Loading a .semac file skips parsing, lowering, resolution, and compilation — the VM directly deserializes and executes the pre-compiled bytecode.

CLI Interface

bash
# Compile a source file to bytecode
sema compile script.sema                   # → script.semac
sema compile -o output.semac script.sema   # explicit output path

# Run a bytecode file (auto-detected via magic number)
sema script.semac

# Validate a bytecode file
sema compile --check script.semac

# Disassemble a bytecode file
sema disasm script.semac
sema disasm --json script.semac            # structured JSON output

Design Goals

  1. Fast loading — skip parsing and compilation; the primary benefit (like Lua's luac)
  2. Source protection — distribute without revealing source code
  3. Debuggability — optional debug sections for source maps, local names, breakpoints
  4. Forward compatibility — version field allows graceful rejection of incompatible bytecode
  5. Simplicity — flat section-based format, no complex container (no ELF, no zip)

Non-Goals

  • Portability — bytecode files are tied to the Sema version that produced them (like Lua). Always keep source files.
  • AOT native compilation — Sema's dynamic nature (eval, macros, LLM primitives) makes this impractical
  • Streaming — the entire file is read into memory; no mmap or lazy loading

File Layout

A .semac file consists of a fixed header, followed by a sequence of sections. Each section has a type tag, length, and payload.

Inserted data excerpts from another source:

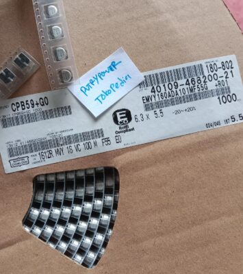 SpesifikasiDetailTipeKapasitor Elektrolit Solid (Elko SMD)Kapasitansi100 Mikrofarad (100uF)Tegangan Kerja16 Volt DC...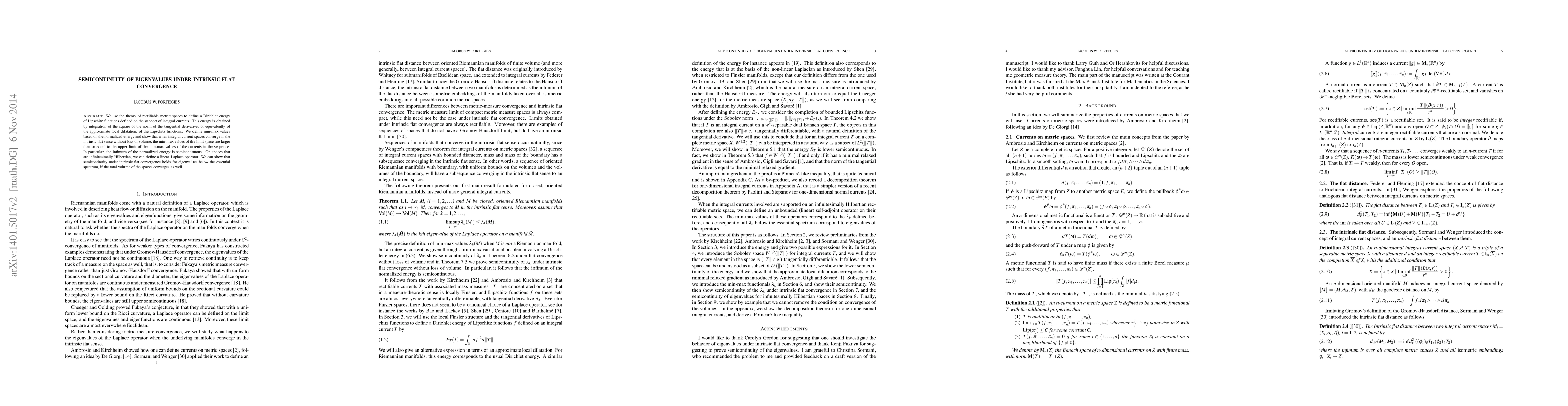 This paper establishes semicontinuity of eigenvalues under intrinsic flat convergence using the theory of rectifiable metric spaces and integral currents. It shows that min-max values of the limit space are greater than or equal to the upper limit of the sequence, with particular focus on eigenvalues below the essential spectrum when total volume converges.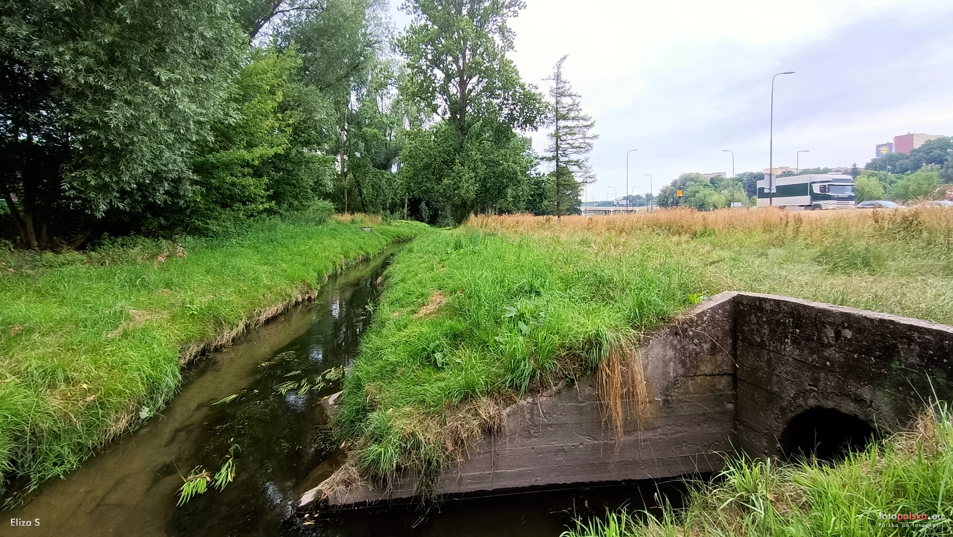 13 lipca 2023 , Rzeka Czechówka w Dzielnicy Wieniawa. między ulicami ; al. Solidarności i Czechowską. Z prawej przepust pod al. Solidarności.Skomentuj zdjęcie |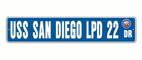 USS SAN DIEGO LPD 22 Aluminum Street Sign Blue / White 6" x 30" Military USN SS001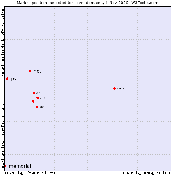 TechnologiesContent ManagementServer-side Languages Client-side Languages JavaScript Libraries CSS Frameworks Web Servers Web Panels Operating Systems Web Hosting Data Centers Reverse Proxies DNS Servers Email Servers SSL Certificate Authorities Content Delivery Traffic Analysis Tools Advertising Networks Tag Managers Social Widgets Site Elements Structured Data Markup Languages Character Encodings Image File Formats Top Level Domains Server Locations Content Languages | Technologies > Top Level Domains > Technology usage comparison Comparison of the usage statistics of .net (Network providers) vs. .py (Paraguay) vs. .memorial (Memorial) for websitesThis report shows the usage statistics of .net (Network providers) vs. .py (Paraguay) vs. .memorial (Memorial) as top level domain on the web. See technologies overview for explanations on the methodologies used in the surveys. Our reports are updated daily. UsageThis diagram shows the percentages of websites using the selected technologies. How to read the diagram:

┌──────────────────────────────────────┐
│           File Header (24 bytes)     │
├──────────────────────────────────────┤
│  Section: String Table    (required) │
├──────────────────────────────────────┤
│  Section: Function Table  (required) │
├──────────────────────────────────────┤
│  Section: Main Chunk      (required) │
├──────────────────────────────────────┤
│  Section: Source Map      (optional) │
├──────────────────────────────────────┤
│  Section: Debug Symbols   (optional) │
├──────────────────────────────────────┤
│  Section: Breakpoints     (optional) │
├──────────────────────────────────────┤
│  ... future sections ...             │
└──────────────────────────────────────┘

All multi-byte integers are little-endian. All strings are UTF-8.

File Header

OffsetSizeFieldDescription
04magic\x00SEM (0x00, 0x53, 0x45, 0x4D)
42format_versionBytecode format version (currently 1)
62flagsBit flags (see below)
82sema_majorSema version major that produced this file
102sema_minorSema version minor
122sema_patchSema version patch
142n_sectionsNumber of sections in the file
164source_hashCRC-32 of the original source file (0 if unknown)
204reservedReserved for future use (must be 0)

Total: 24 bytes

Magic Number

The magic bytes \x00SEM serve two purposes:

  1. File type identification — the CLI uses this to auto-detect bytecode vs source (source files never start with a null byte)
  2. Corruption detection — if the magic doesn't match, reject the file immediately

Flags (Bit Field)

BitNameDescription
0HAS_DEBUGFile contains debug sections (Source Map, Debug Symbols)
1HAS_SOURCE_MAPFile contains a Source Map section
2HAS_BREAKPOINTSFile contains a Breakpoints section
3–15Reserved (must be 0)

When --strip is used during compilation, bits 0–2 are cleared and debug sections are omitted.

Section Format

Each section begins with a section header:

OffsetSizeFieldDescription
02section_typeSection type tag (see table)
24section_lengthByte length of section payload (excluding this header)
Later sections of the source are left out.